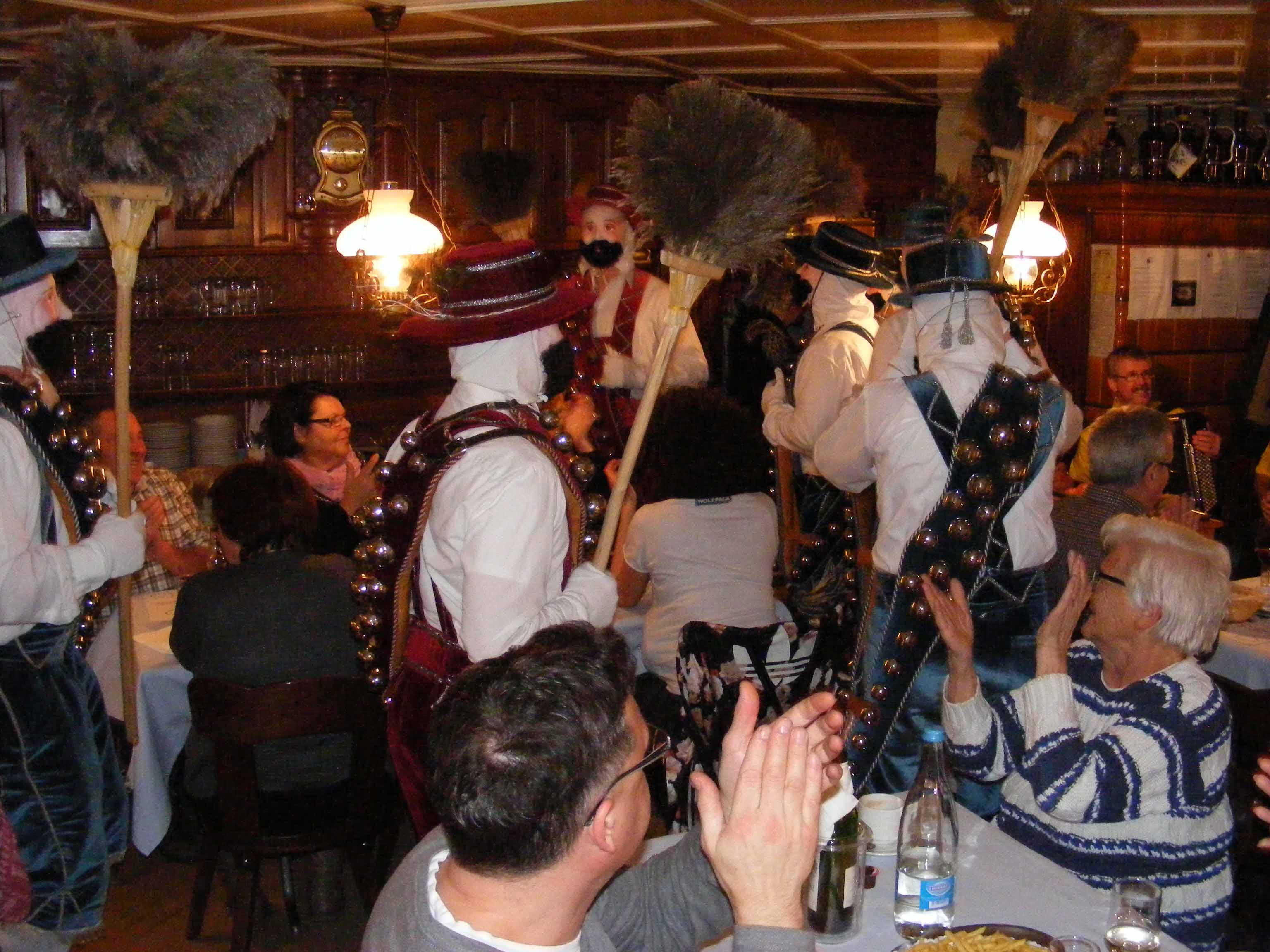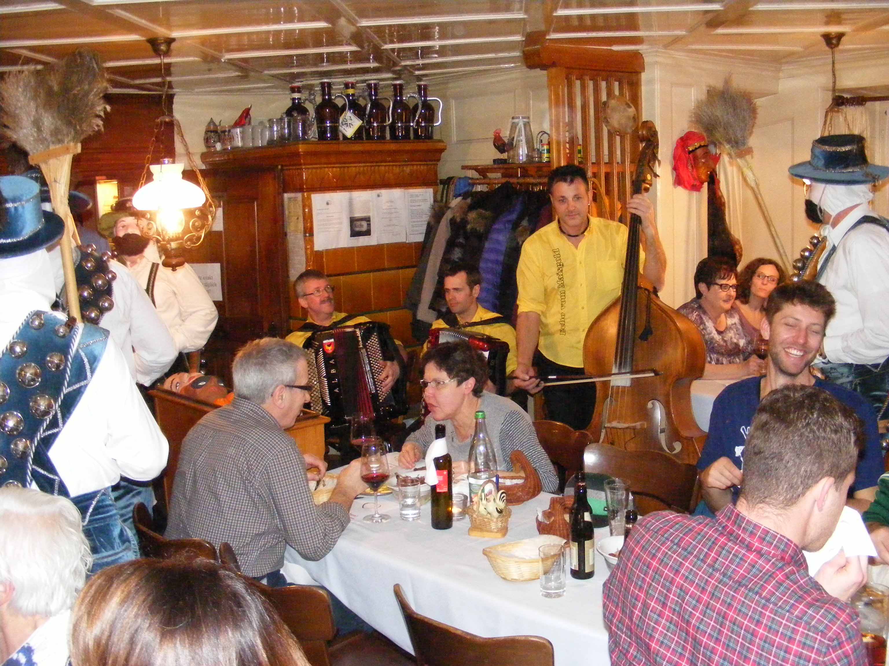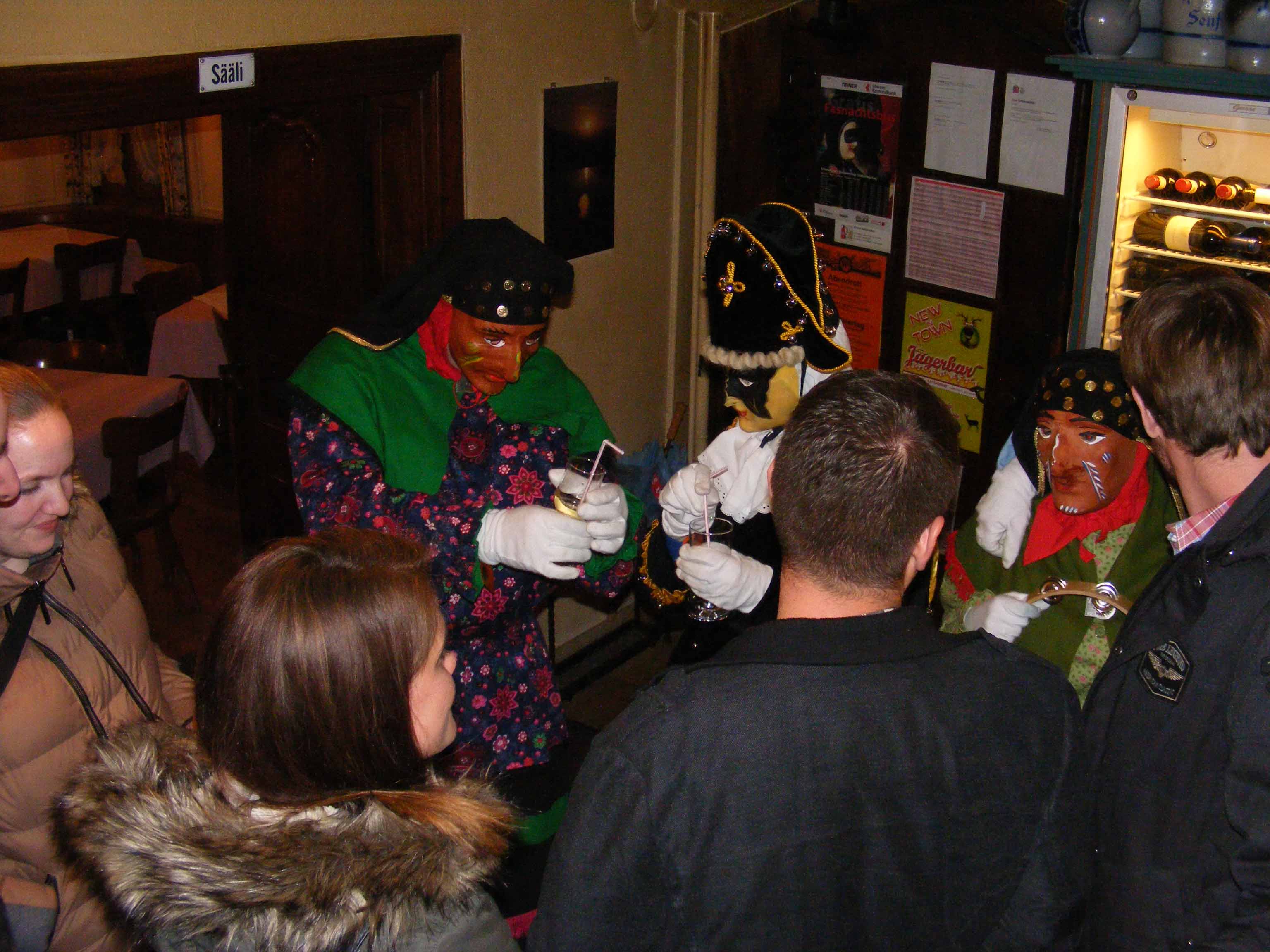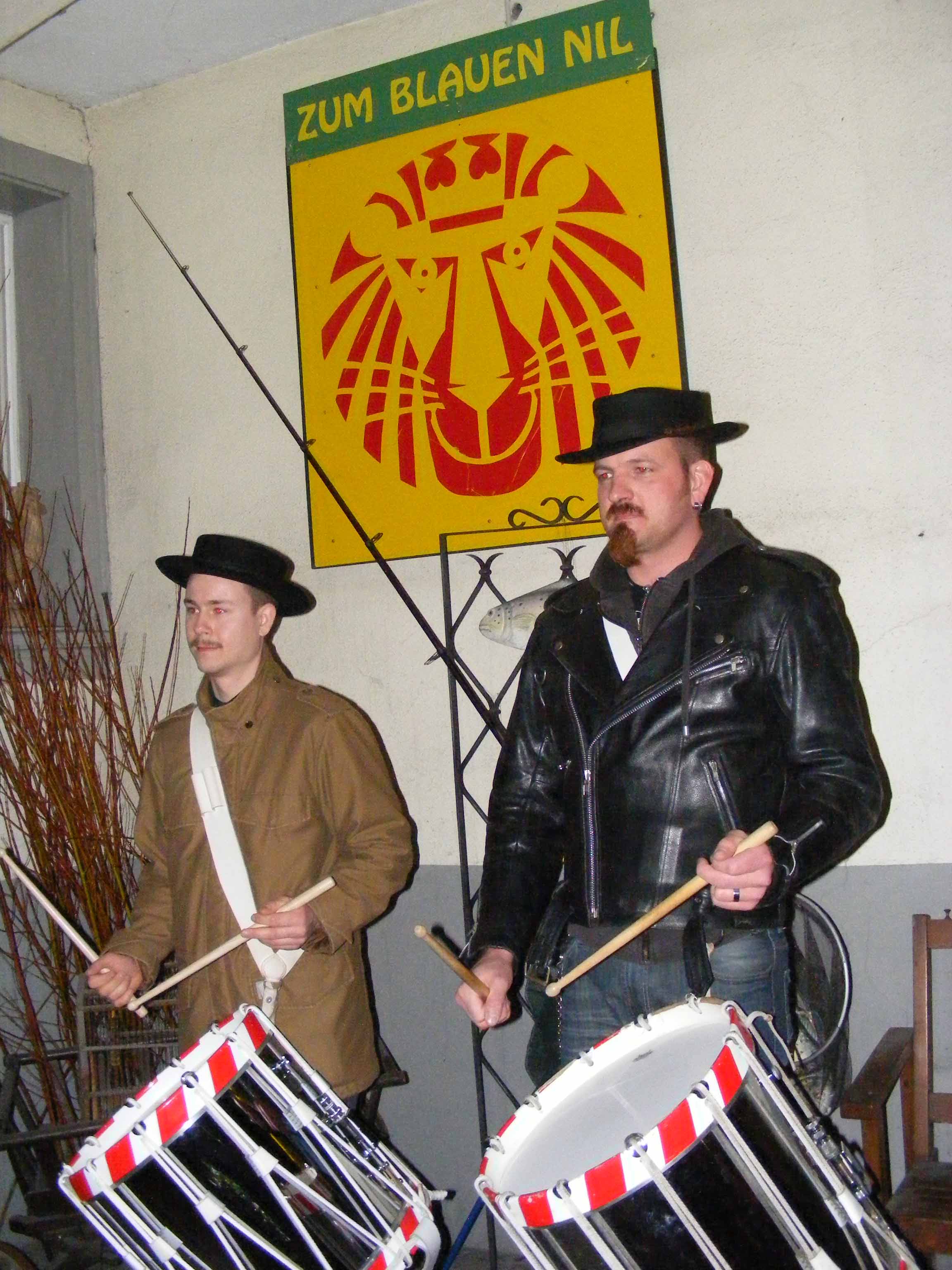 Ab 20 Uhr machten sich die Tambouren mit der Rott auf den Weg von Schankhaus zu Schankhaus. Es gehört zur Tradition, dass jeweils vor den Gaststätten kräftig 'gnüssled' wird:
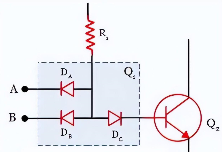 在图中,二极管DA和DB代表晶体管Q 1的2输入发射极结。二极管 DC代表晶体管 Q2的集电极-基极结。
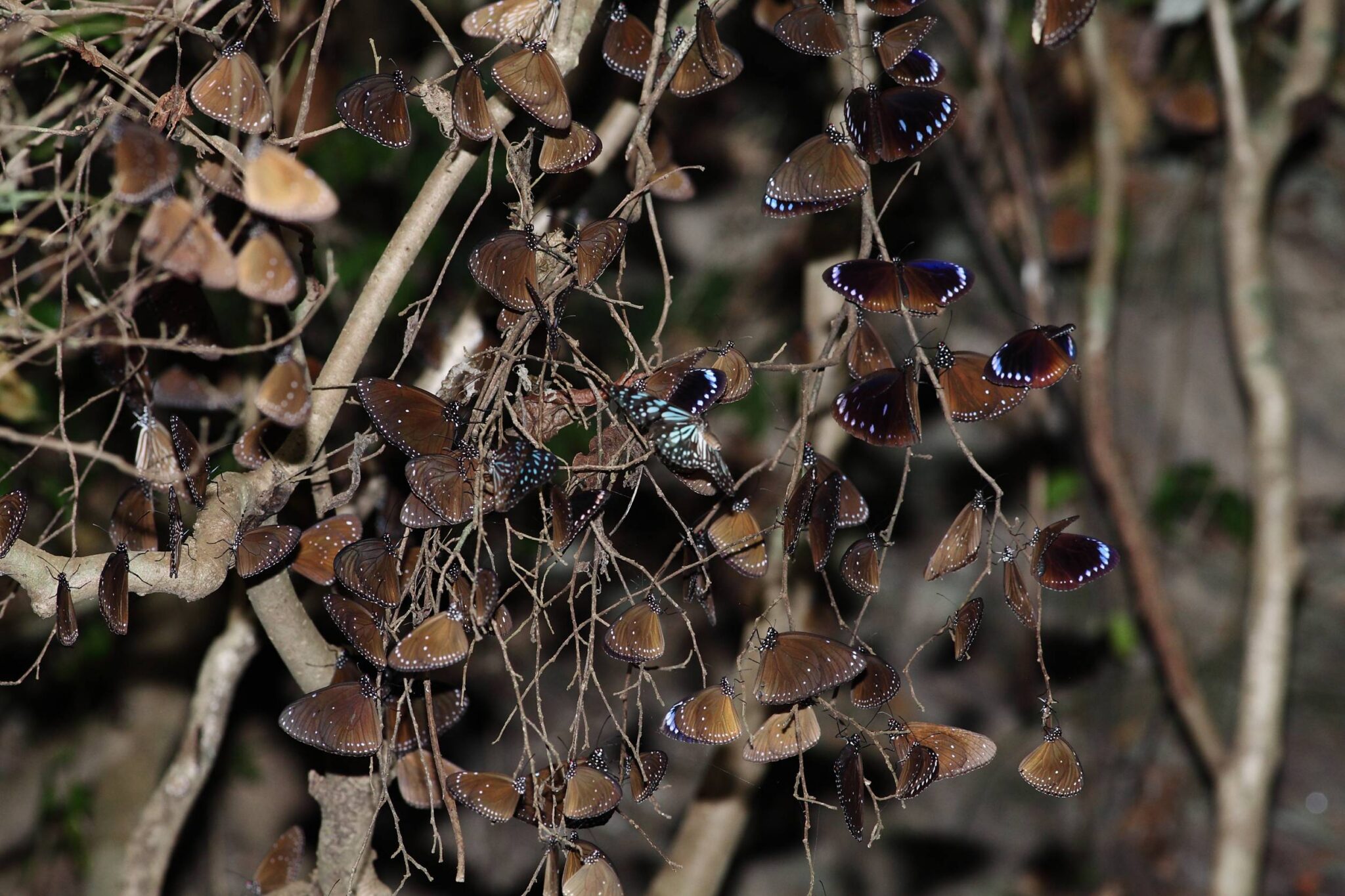 圖說:紫蝶群聚飛舞的生態奇觀讓首次看到的荷蘭籍遊客驚呼連發。(茂管處提供)

------------------------------------------------------------------------

> **Problem to work on**:
Each line from the line containing "在图中,二极管DA和DB代表晶体管Q 1的2输入发射极结。二极管 DC代表晶体管" through the final line of the data above must be retyped exactly; nothing else, and no pictures, may appear.

> **Result for this task**:
 在图中,二极管DA和DB代表晶体管Q 1的2输入发射极结。二极管 DC代表晶体管 Q2的集电极-基极结。
 圖說:紫蝶群聚飛舞的生態奇觀讓首次看到的荷蘭籍遊客驚呼連發。(茂管處提供)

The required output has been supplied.